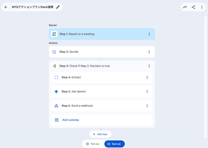目的: Google Meet で Gemini が生成した議事録(メモ)を AI が読み込み、「アクションアイテム」が書かれていれば、その内容とメモのURLを Slack の特定チャンネルに自動投稿する。
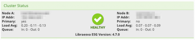 Version info: when you don’t have a cluster setup, you will see here only the current version of Libraesva ESG.
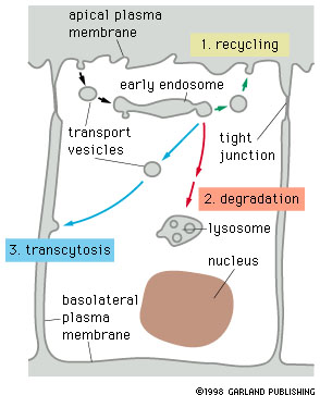Receptors that are not specifically retrieved from early endosomes are transferred to lysosomes and degraded Retreived receptors are returned either to the membrane domain of origin (recycling) or to another domain (transcytosis). If the ligand bound to the receptor stays bound in the acidic environment of the endosome, it will follow the same pathway as the receptor, otherwise it will be transferred to a lysosome and degraded. Fig. 14-30 |
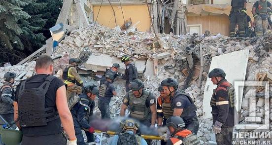 З під завалів дістали трьох працівників поліції та одну цивільну – усі загинули: завершилися пошуково-рятувальні роботи після російського удару по Кривому Рогу
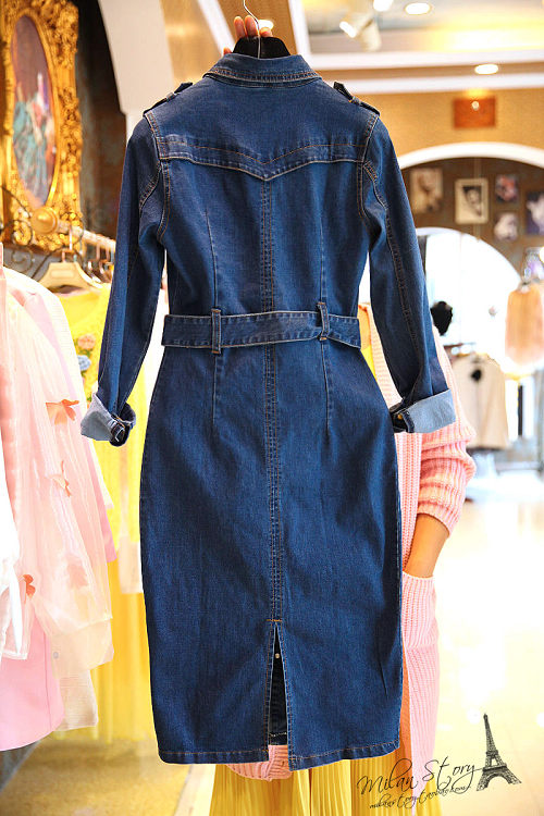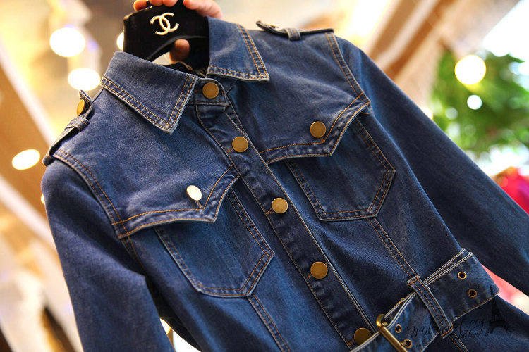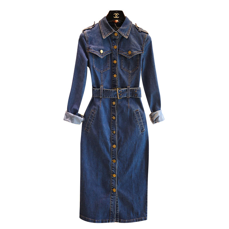 修身显瘦牛仔连衣裙长袖女2025春秋新款收腰包臀长款单排扣牛仔裙
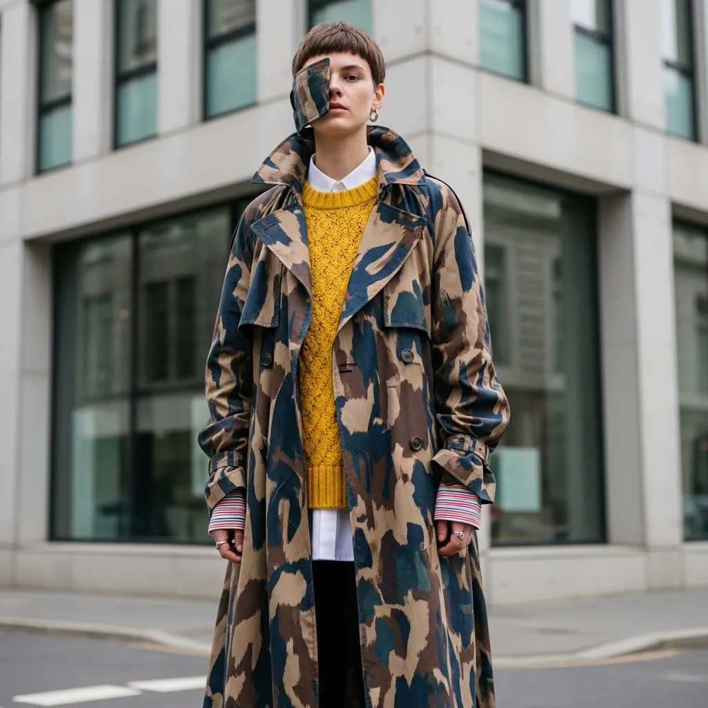 A classic trench coat, a colorful wool coat, a patterned duster, or a utility-style jacket. Choose one that reflects your mood and complements the layers underneath. It should tie the whole story together.
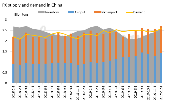 En el gráfico del equilibrio de oferta y demanda de PX en China, después de la reducción de inventario desde febrero, el inventario se reconstruyó en septiembre, cuando las nuevas plantas de PX liberaron producción mientras que varias plantas de PTA se cerraron no programadas debido a problemas económicos. Se espera que la relación inventario-consumo de PX se recupere a 1 mes a finales de 2019.
========
*WHAT THE TASK ASKS*
The reply has to reproduce every line above verbatim and contain no pictures.

*EXERCISE RESPONSE*
目的: Google Meet で Gemini が生成した議事録(メモ)を AI が読み込み、「アクションアイテム」が書かれていれば、その内容とメモのURLを Slack の特定チャンネルに自動投稿する。
 Version info: when you don’t have a cluster setup, you will see here only the current version of Libraesva ESG.
Receptors that are not specifically retrieved from early endosomes are transferred to lysosomes and degraded Retreived receptors are returned either to the membrane domain of origin (recycling) or to another domain (transcytosis). If the ligand bound to the receptor stays bound in the acidic environment of the endosome, it will follow the same pathway as the receptor, otherwise it will be transferred to a lysosome and degraded. Fig. 14-30 |
 З під завалів дістали трьох працівників поліції та одну цивільну – усі загинули: завершилися пошуково-рятувальні роботи після російського удару по Кривому Рогу
 修身显瘦牛仔连衣裙长袖女2025春秋新款收腰包臀长款单排扣牛仔裙
 A classic trench coat, a colorful wool coat, a patterned duster, or a utility-style jacket. Choose one that reflects your mood and complements the layers underneath. It should tie the whole story together.
 En el gráfico del equilibrio de oferta y demanda de PX en China, después de la reducción de inventario desde febrero, el inventario se reconstruyó en septiembre, cuando las nuevas plantas de PX liberaron producción mientras que varias plantas de PTA se cerraron no programadas debido a problemas económicos. Se espera que la relación inventario-consumo de PX se recupere a 1 mes a finales de 2019.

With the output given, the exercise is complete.